- [Your instructions]:
Transcribe all the entries word for word, skipping the pictures.

*** Opening of Source records ***

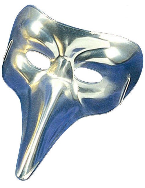 Ta beneški maska v srebrni barvi se pritrdi z elastiko. Ta maska je klasičen primer tega stila s svojim dolgim nosom.
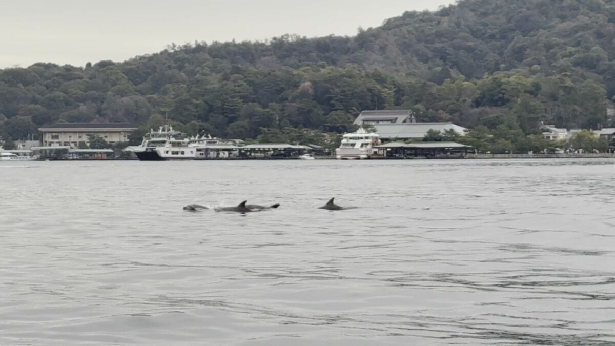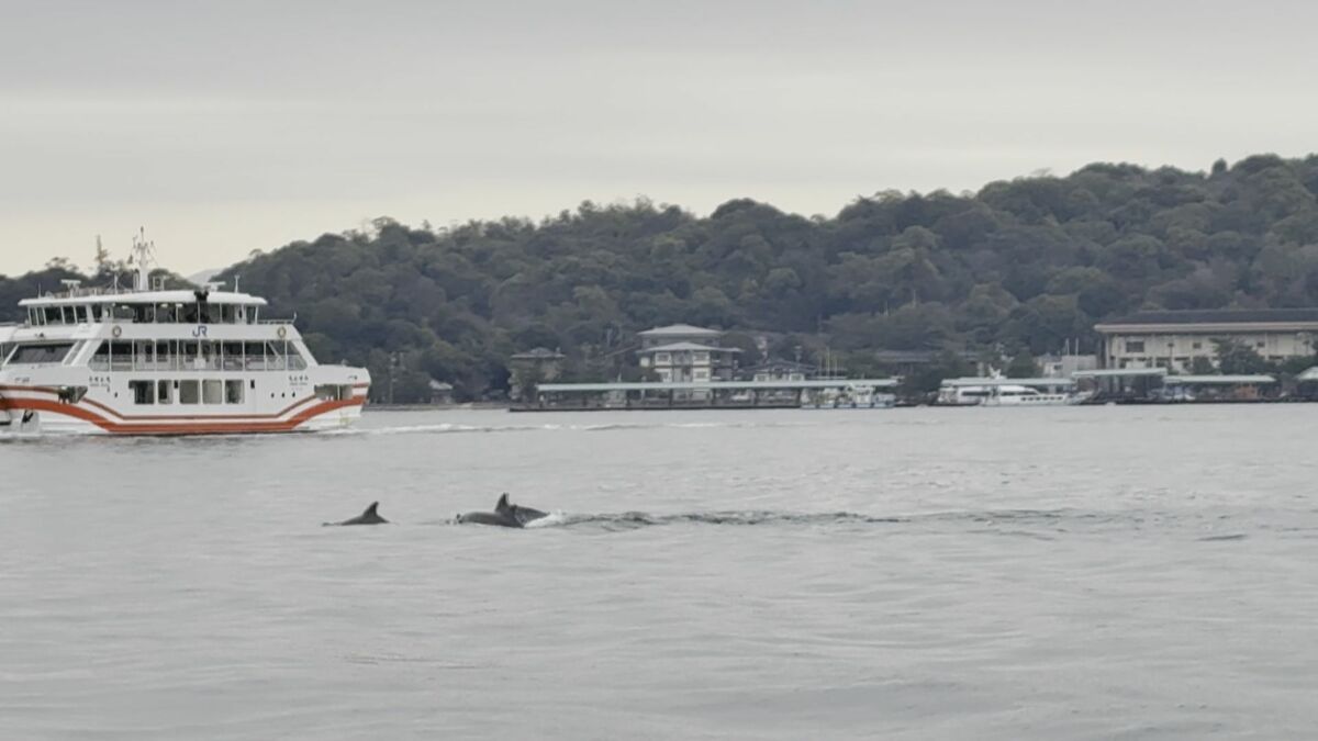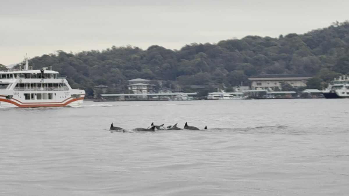 イルカの群れは、世界遺産・厳島神社の大鳥居やフェリーの近くを悠々と泳いでいました。
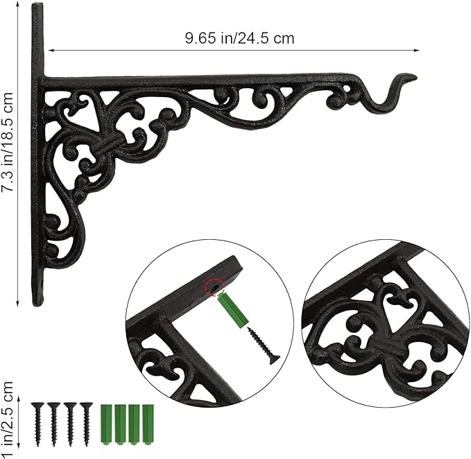 【多様な設置場】アイアンブラケットの色はブラックで、お洒落な色は多くの所に適しています。庭用ブラケットはお宅のベランダー、廊下、窓、壁、ドア、ガーデン、或いは、カフェ、レストラン、ガーデン、本屋などのお店、どちらでも最適で、雰囲気アップし人々から好かれます。
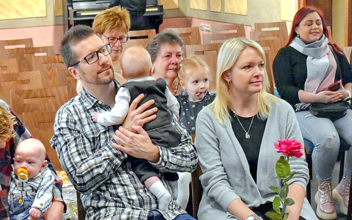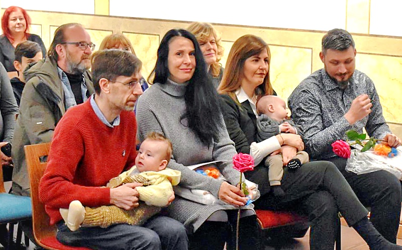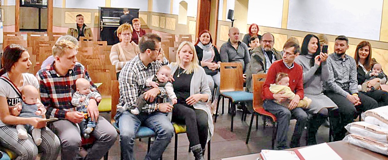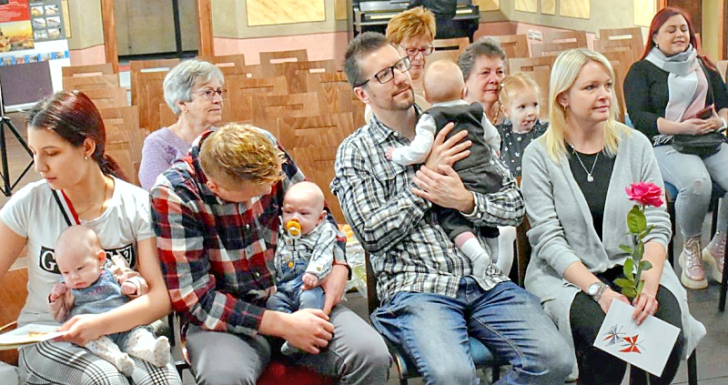 (na snímcích: Rodiny na tradičním obřadu vítání občánků v Žatci, který v únoru poprvé proběhl v nově opravených prostorách Kapucínského kláštera. Foto Tomáš Kassal)
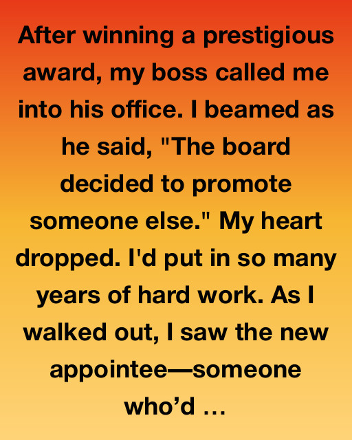 After winning a prestigious award, my boss called me into his office. I beamed as he said, “The board decided to promote someone else.” My heart dropped. I’d put in so many years of hard work. As I walked out, I saw the new appointeeโsomeone whoโd just joined the company a year ago. A mixture of disbelief and frustration bubbled up inside me, and I couldn’t quite shake off the sting of disappointment.
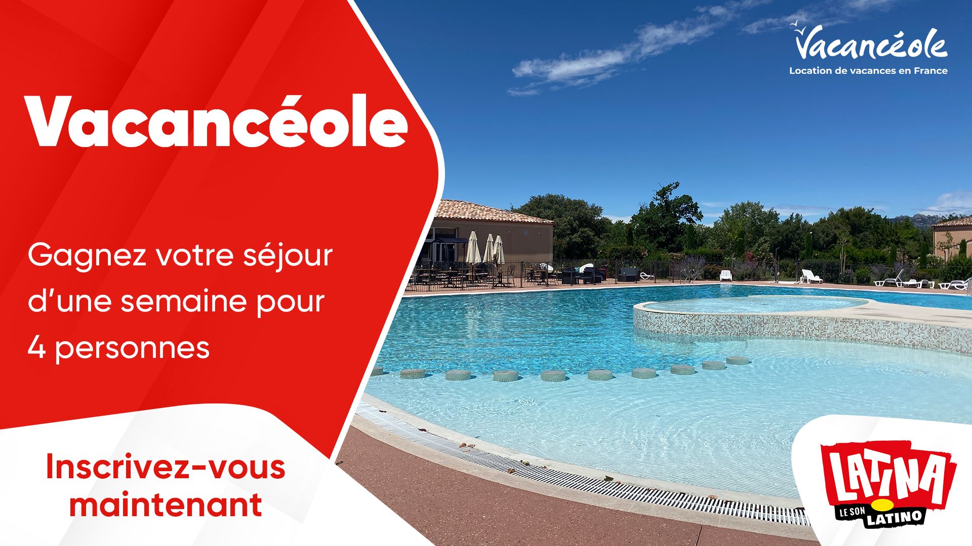 Gagnez un séjour d'une semaine pour 4 personnes dans une résidence Vacancéole. Participez vite au jeu-concours Latina et tentez votre chance !
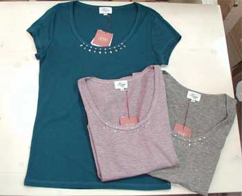 ![]() 8月も半ば近くなると、秋物もだんだん増えてくる。 右写真は、ハリスのカットソー。 シンプルでキラキララインストーンがさりげなく、 1枚でも、ジャケットのインでもこれから必要なカットソーです。 ●ハリス ラインストーンカットソー FK6213205 ¥7000(税込み¥7350) コットン70% ウール30% ダークブルー有り。 今年はグレーも良さそう・・・・・・ |
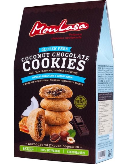 Склад: олія кокосова холодного віджиму, мед натуральний, борошно жорнового помелу рисове, борошно кокосове, кокосове сухе молоко, масло гірчичне холодного віджиму, кокосова стружка, крохмаль кукурудзяний, натуральний екстракт ванілі, сіль морська, сода харчова.
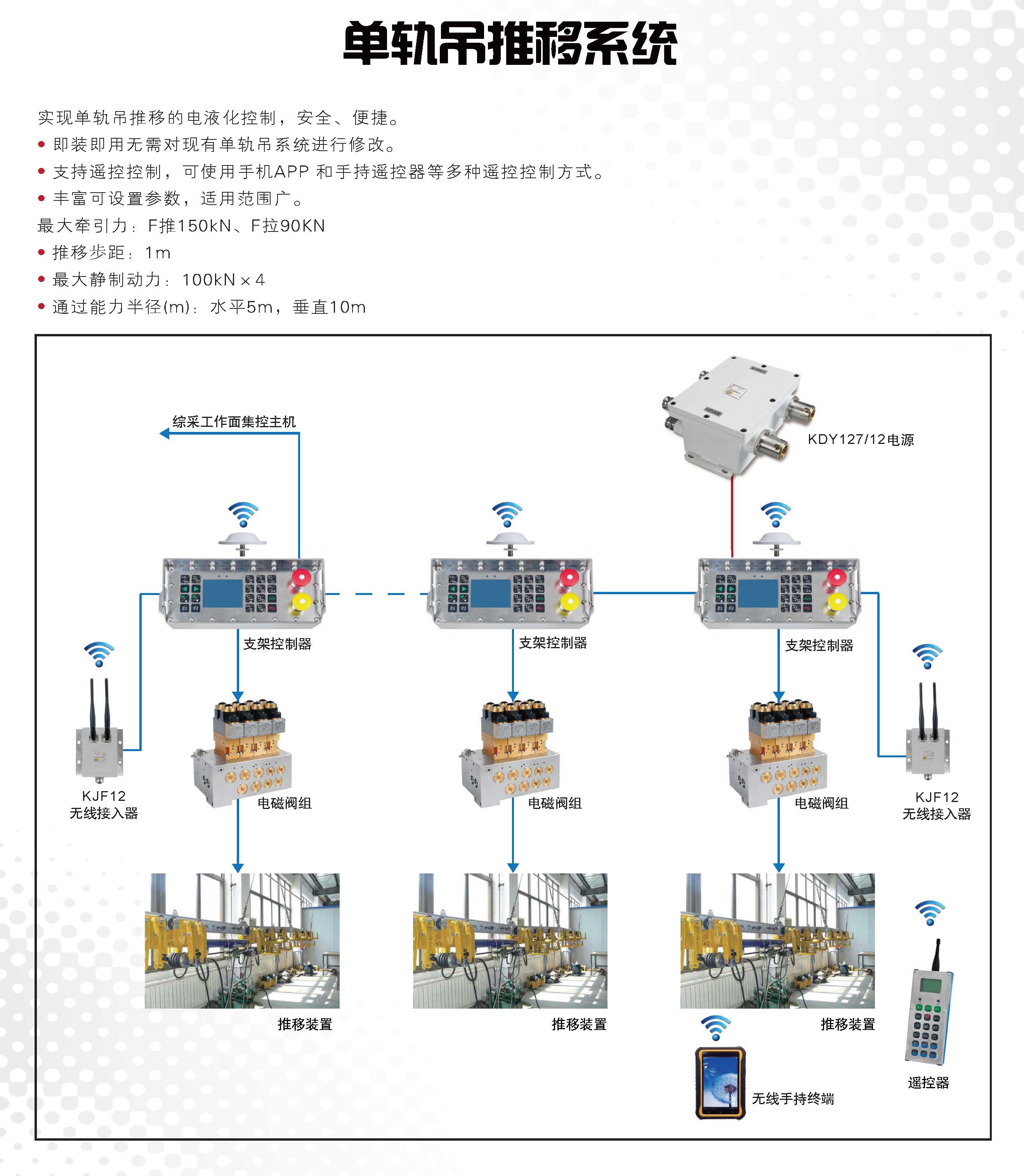 综采工作面集散控制系统 顺槽集控系统 转载点集控系统 采煤机电控系统 三机电控系统 液压泵站控制系统 工作面通信系统 煤矿用带式输送机保护装置 无线数据传输监控系统 自移机尾(马蒂尔)自控系统 支架电液控制系统 工作面机器视觉系统 连掘面集控系统 精确人员定位系统 单轨吊推移系统 煤矿用带式输送机保护装置 工作面设备列车成套设备

*** Close of Source records ***

- [Answer to the exercise]:
 Ta beneški maska v srebrni barvi se pritrdi z elastiko. Ta maska je klasičen primer tega stila s svojim dolgim nosom.
 イルカの群れは、世界遺産・厳島神社の大鳥居やフェリーの近くを悠々と泳いでいました。
 【多様な設置場】アイアンブラケットの色はブラックで、お洒落な色は多くの所に適しています。庭用ブラケットはお宅のベランダー、廊下、窓、壁、ドア、ガーデン、或いは、カフェ、レストラン、ガーデン、本屋などのお店、どちらでも最適で、雰囲気アップし人々から好かれます。
 (na snímcích: Rodiny na tradičním obřadu vítání občánků v Žatci, který v únoru poprvé proběhl v nově opravených prostorách Kapucínského kláštera. Foto Tomáš Kassal)
 After winning a prestigious award, my boss called me into his office. I beamed as he said, “The board decided to promote someone else.” My heart dropped. I’d put in so many years of hard work. As I walked out, I saw the new appointeeโsomeone whoโd just joined the company a year ago. A mixture of disbelief and frustration bubbled up inside me, and I couldn’t quite shake off the sting of disappointment.
 Gagnez un séjour d'une semaine pour 4 personnes dans une résidence Vacancéole. Participez vite au jeu-concours Latina et tentez votre chance !
 ![]() 8月も半ば近くなると、秋物もだんだん増えてくる。 右写真は、ハリスのカットソー。 シンプルでキラキララインストーンがさりげなく、 1枚でも、ジャケットのインでもこれから必要なカットソーです。 ●ハリス ラインストーンカットソー FK6213205 ¥7000(税込み¥7350) コットン70% ウール30% ダークブルー有り。 今年はグレーも良さそう・・・・・・ |
 Склад: олія кокосова холодного віджиму, мед натуральний, борошно жорнового помелу рисове, борошно кокосове, кокосове сухе молоко, масло гірчичне холодного віджиму, кокосова стружка, крохмаль кукурудзяний, натуральний екстракт ванілі, сіль морська, сода харчова.
 综采工作面集散控制系统 顺槽集控系统 转载点集控系统 采煤机电控系统 三机电控系统 液压泵站控制系统 工作面通信系统 煤矿用带式输送机保护装置 无线数据传输监控系统 自移机尾(马蒂尔)自控系统 支架电液控制系统 工作面机器视觉系统 连掘面集控系统 精确人员定位系统 单轨吊推移系统 煤矿用带式输送机保护装置 工作面设备列车成套设备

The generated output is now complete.